Short answers, pulled from the story.

What is Sonnet 18 by William Shakespeare about?

Sonnet 18 asks whether the speaker should compare a person known as the Fair Youth to a summer's day, then argues that the Fair Youth surpasses summer because summer is temporary and subject to change. The poem promises the Fair Youth will live forever in its lines, though it contains almost no description of the young man himself, preserving instead vivid descriptions of a summer's day.

When was Sonnet 18 first published?

Sonnet 18 was first published in 1609 as part of a collection of 154 sonnets by William Shakespeare. It appears in the Fair Youth sequence, which comprises sonnets 1 through 126 in the numbering that comes from that first edition.

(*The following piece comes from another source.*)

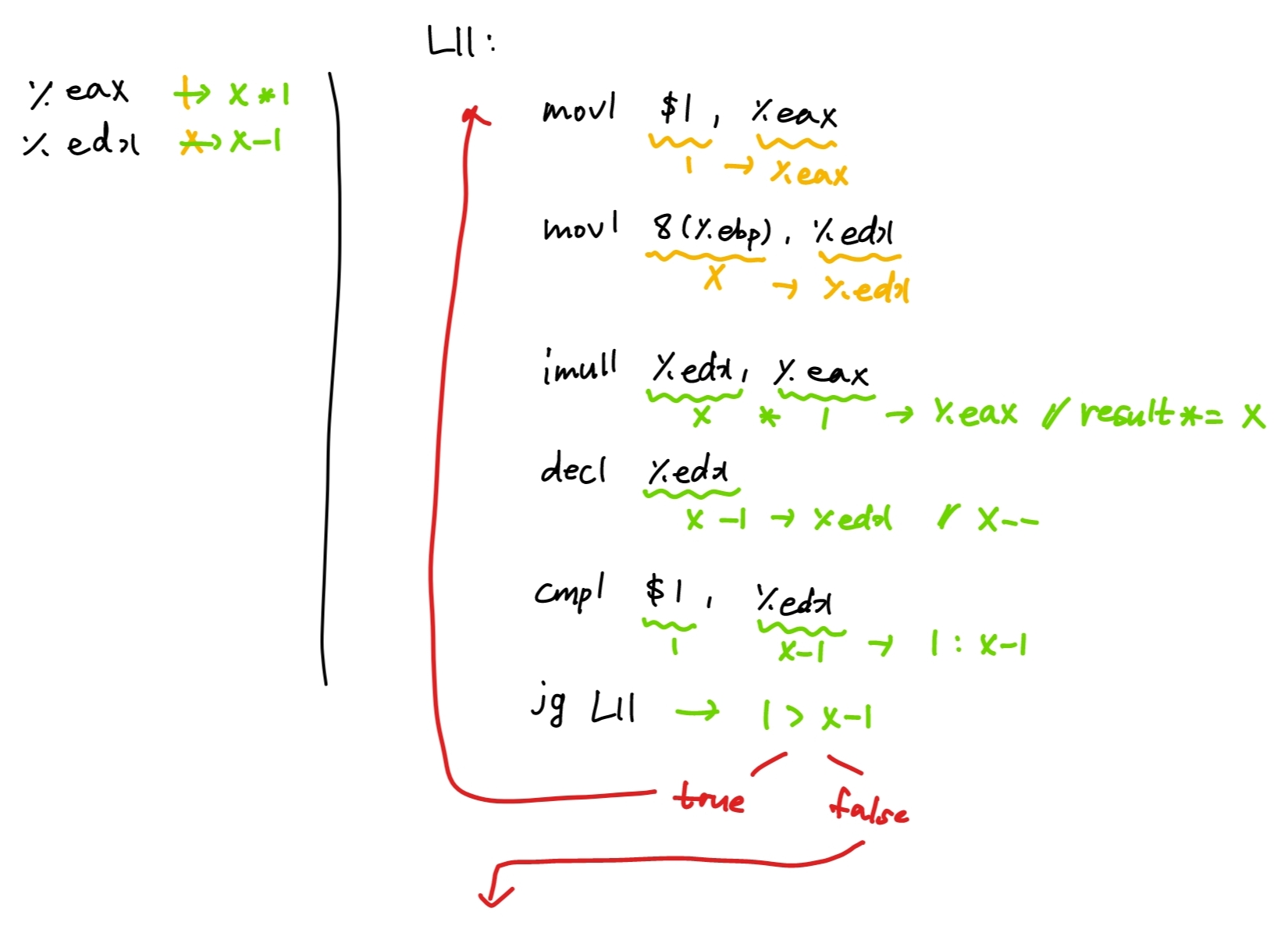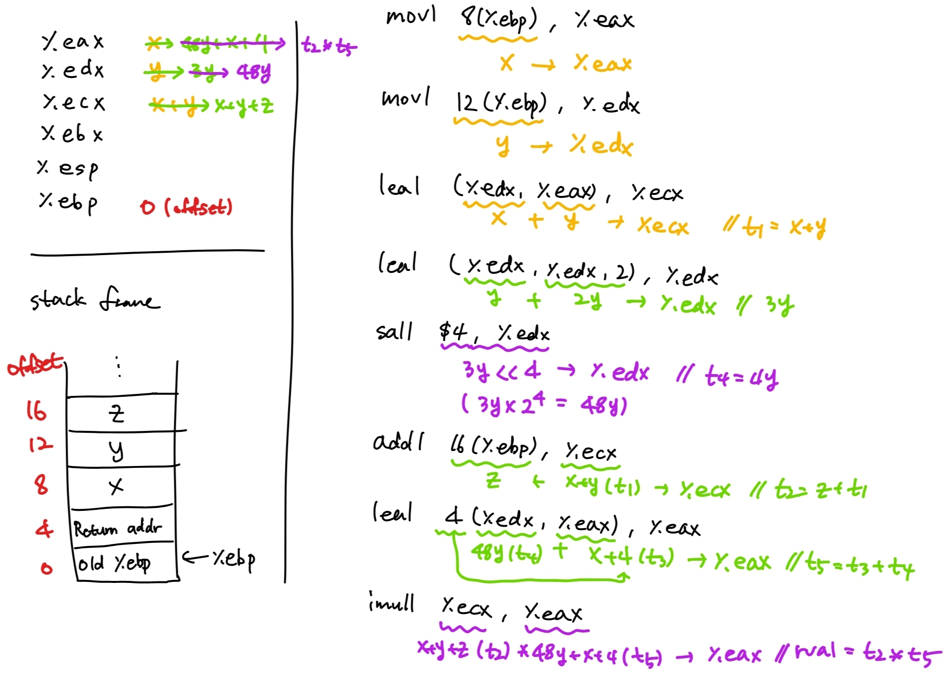 위 c코드를 어셈블리로 변환 후 body부분만 가져오면 아래와 같아진다.
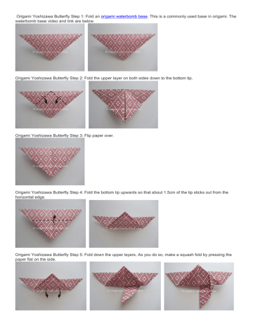 Origami Yoshizawa Butterfly Step 1: Fold an origami waterbomb base. This is a commonly used base in origami. The waterbomb base video and link are below. Origami Yoshizawa Butterfly Step 2: Fold the upper layer on both sides down to the bottom tip. Origami Yoshizawa Butterfly Step 3: Flip paper over. Origami Yoshizawa Butterfly Step 4: Fold the bottom tip upwards so that about 1.5cm of the tip sticks out from the horizontal edge. Origami Yoshizawa Butterfly Step 5: Fold down the upper layers. As you do so, make a squash fold by pressing the paper flat on the side. Origami Yoshizawa Butterfly Step 6: Flip paper over. Origami Yoshizawa Butterfly Step 7: Fold down the tip. Origami Yoshizawa Butterfly Step 8: Now fold up the tip. This forms thebutterfly's "head". Origami Yoshizawa Butterfly Step 9: Fold paper in half by making a mountainfold. Origami Yoshizawa Butterfly Step 10: Make a diagonal fold. Origami Yoshizawa Butterfly Step 11: Flip paper over and repeat Step 10 on the other side to complete forming the "wings". and your Origami Yoshizawa Butterfly is complete!

What is the structure and rhyme scheme of Shakespeare's Sonnet 18?

Sonnet 18 is a Shakespearean sonnet with 14 lines of iambic pentameter, divided into three quatrains followed by a closing couplet. Its rhyme scheme is ABAB CDCD EFEF GG. The poem also contains a volta, or shift in subject, beginning with the third quatrain.

Who is the Fair Youth in Sonnet 18?

The Fair Youth is the unnamed subject addressed in Sonnet 18 and throughout sonnets 1 through 126 in Shakespeare's sequence. The poem does not identify the young man by name; scholars have debated his identity without reaching a settled conclusion from the text itself.

What does the word 'untrimmed' mean in Sonnet 18?

"Untrimmed" in line eight of Sonnet 18 carries two meanings: the loss of decoration and fanciness over time, and the image of a ship with sails not adjusted to shifting winds. The second reading, combined with the phrase "nature's changing course", creates an oxymoron suggesting that the only constant in nature is change itself.

Who has recorded Shakespeare's Sonnet 18?

Musicians who have recorded Sonnet 18 include Bryan Ferry, who set it for the 1997 album Diana, Princess of Wales: Tribute, and Paul Kelly, who recorded it for his 2016 album Seven Sonnets & a Song. David Gilmour and Chuck Liddell have also recorded versions.